Task prompt:
For the listing below, report all lines that hold the word "food".

Input for this task:

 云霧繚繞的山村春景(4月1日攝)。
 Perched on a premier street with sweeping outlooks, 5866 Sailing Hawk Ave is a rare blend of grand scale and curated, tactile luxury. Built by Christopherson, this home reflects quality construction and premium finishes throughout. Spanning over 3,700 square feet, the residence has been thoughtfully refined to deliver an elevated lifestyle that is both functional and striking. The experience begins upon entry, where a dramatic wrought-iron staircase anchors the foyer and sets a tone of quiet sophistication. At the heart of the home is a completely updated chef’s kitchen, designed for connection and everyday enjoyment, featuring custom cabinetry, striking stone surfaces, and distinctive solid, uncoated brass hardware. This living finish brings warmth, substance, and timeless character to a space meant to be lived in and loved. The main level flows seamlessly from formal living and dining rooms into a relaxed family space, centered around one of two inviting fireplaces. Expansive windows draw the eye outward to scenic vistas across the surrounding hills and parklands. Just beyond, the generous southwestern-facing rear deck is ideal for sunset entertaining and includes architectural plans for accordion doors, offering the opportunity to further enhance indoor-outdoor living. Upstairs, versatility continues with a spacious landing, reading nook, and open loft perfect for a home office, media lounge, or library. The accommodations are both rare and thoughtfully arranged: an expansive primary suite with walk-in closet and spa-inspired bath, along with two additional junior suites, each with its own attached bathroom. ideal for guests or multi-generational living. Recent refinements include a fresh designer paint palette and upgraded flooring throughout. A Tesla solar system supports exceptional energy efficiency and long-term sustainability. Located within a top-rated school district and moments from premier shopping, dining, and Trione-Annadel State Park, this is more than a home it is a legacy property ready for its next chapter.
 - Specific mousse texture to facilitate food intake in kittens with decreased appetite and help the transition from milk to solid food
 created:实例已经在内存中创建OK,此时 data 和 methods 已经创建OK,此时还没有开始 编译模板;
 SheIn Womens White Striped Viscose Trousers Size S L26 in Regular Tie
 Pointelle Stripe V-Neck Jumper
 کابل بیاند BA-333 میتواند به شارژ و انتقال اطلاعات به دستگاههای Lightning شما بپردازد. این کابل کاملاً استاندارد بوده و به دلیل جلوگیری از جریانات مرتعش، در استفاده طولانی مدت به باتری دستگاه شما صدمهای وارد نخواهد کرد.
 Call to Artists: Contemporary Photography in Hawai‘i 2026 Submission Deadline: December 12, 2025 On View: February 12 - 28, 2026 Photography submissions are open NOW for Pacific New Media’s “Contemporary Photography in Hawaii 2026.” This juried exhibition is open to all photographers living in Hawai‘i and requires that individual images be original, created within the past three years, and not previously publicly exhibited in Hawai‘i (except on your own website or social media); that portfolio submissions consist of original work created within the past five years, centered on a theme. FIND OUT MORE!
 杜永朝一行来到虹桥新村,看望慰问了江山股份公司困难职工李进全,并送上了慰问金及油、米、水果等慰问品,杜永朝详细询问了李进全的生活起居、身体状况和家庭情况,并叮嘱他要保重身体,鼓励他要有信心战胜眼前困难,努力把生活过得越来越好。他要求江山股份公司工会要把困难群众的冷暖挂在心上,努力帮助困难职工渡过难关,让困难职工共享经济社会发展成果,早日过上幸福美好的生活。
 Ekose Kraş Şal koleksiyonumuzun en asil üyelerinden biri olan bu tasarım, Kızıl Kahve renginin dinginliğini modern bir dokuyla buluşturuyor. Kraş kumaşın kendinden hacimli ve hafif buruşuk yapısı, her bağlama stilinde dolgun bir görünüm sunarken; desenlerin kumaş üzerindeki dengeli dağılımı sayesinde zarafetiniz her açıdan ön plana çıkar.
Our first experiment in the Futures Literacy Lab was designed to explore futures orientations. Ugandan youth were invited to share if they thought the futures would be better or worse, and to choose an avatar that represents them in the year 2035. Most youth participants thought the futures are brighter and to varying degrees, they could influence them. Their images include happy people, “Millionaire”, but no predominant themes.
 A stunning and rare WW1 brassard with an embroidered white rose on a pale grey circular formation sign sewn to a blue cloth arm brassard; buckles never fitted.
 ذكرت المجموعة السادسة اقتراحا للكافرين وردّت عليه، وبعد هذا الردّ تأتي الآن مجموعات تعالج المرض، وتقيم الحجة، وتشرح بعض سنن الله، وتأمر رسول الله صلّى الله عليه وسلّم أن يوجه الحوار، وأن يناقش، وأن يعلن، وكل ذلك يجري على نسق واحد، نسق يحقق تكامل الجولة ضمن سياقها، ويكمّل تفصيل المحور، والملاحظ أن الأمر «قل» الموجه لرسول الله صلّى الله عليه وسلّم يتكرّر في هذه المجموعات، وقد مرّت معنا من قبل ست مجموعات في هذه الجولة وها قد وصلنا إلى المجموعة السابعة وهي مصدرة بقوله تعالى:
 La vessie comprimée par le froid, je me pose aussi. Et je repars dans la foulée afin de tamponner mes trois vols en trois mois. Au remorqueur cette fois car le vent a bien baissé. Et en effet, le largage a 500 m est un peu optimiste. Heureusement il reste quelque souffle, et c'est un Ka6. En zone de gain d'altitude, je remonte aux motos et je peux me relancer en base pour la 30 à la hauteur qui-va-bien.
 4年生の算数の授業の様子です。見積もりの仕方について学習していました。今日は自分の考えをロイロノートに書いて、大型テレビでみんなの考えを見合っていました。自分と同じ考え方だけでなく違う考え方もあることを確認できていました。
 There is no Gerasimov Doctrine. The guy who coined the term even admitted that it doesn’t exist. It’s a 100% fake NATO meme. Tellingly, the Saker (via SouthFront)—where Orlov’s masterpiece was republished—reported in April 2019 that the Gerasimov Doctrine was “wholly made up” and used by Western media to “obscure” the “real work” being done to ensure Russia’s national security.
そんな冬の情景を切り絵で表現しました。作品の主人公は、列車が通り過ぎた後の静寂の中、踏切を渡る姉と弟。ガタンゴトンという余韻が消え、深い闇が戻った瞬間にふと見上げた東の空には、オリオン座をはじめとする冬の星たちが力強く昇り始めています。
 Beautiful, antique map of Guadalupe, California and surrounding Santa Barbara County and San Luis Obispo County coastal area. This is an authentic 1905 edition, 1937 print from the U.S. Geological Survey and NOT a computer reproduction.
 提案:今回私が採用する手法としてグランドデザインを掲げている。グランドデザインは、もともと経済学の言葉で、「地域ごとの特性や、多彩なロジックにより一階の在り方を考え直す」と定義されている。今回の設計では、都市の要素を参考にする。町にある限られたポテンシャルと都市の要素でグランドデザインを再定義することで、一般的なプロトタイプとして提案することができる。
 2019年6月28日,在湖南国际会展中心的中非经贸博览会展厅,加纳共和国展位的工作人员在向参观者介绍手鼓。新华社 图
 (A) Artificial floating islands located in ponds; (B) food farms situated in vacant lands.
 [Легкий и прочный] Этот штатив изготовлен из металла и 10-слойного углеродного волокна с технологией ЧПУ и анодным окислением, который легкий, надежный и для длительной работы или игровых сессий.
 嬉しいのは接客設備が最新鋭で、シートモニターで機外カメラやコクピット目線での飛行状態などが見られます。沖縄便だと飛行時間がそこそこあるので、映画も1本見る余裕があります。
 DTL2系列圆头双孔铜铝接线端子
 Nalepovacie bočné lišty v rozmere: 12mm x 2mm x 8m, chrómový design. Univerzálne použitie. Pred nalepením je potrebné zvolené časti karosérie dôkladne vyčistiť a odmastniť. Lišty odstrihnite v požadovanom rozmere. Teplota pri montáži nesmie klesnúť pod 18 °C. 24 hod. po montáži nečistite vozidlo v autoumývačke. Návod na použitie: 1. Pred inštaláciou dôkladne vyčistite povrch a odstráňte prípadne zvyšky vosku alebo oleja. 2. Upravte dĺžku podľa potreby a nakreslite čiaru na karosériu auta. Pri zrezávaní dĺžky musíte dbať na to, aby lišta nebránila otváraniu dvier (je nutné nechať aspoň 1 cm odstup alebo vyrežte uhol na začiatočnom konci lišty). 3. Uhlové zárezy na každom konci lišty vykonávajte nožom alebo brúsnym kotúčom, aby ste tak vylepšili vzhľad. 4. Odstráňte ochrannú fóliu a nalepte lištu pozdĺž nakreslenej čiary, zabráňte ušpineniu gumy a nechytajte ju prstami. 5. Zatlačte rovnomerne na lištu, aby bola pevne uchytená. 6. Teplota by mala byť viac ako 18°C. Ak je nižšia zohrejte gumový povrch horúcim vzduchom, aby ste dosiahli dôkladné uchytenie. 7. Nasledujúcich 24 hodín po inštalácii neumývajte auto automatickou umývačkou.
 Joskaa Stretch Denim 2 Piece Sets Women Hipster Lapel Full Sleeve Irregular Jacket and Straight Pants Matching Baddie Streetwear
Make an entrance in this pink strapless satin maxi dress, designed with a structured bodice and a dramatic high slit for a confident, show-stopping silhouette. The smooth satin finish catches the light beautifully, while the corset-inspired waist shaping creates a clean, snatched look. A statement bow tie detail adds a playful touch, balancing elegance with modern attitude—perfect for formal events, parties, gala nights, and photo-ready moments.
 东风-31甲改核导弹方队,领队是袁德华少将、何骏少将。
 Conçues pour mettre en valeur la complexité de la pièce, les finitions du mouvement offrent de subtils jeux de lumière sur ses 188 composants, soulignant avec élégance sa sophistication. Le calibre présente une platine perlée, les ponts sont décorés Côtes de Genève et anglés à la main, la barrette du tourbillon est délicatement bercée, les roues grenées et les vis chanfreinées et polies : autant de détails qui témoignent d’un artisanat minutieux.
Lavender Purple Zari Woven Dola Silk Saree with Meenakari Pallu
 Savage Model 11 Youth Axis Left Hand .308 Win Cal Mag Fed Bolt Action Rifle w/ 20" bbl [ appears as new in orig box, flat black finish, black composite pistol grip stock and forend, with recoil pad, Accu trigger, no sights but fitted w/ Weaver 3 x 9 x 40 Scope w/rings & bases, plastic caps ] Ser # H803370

Result below:
 - Specific mousse texture to facilitate food intake in kittens with decreased appetite and help the transition from milk to solid food
 (A) Artificial floating islands located in ponds; (B) food farms situated in vacant lands.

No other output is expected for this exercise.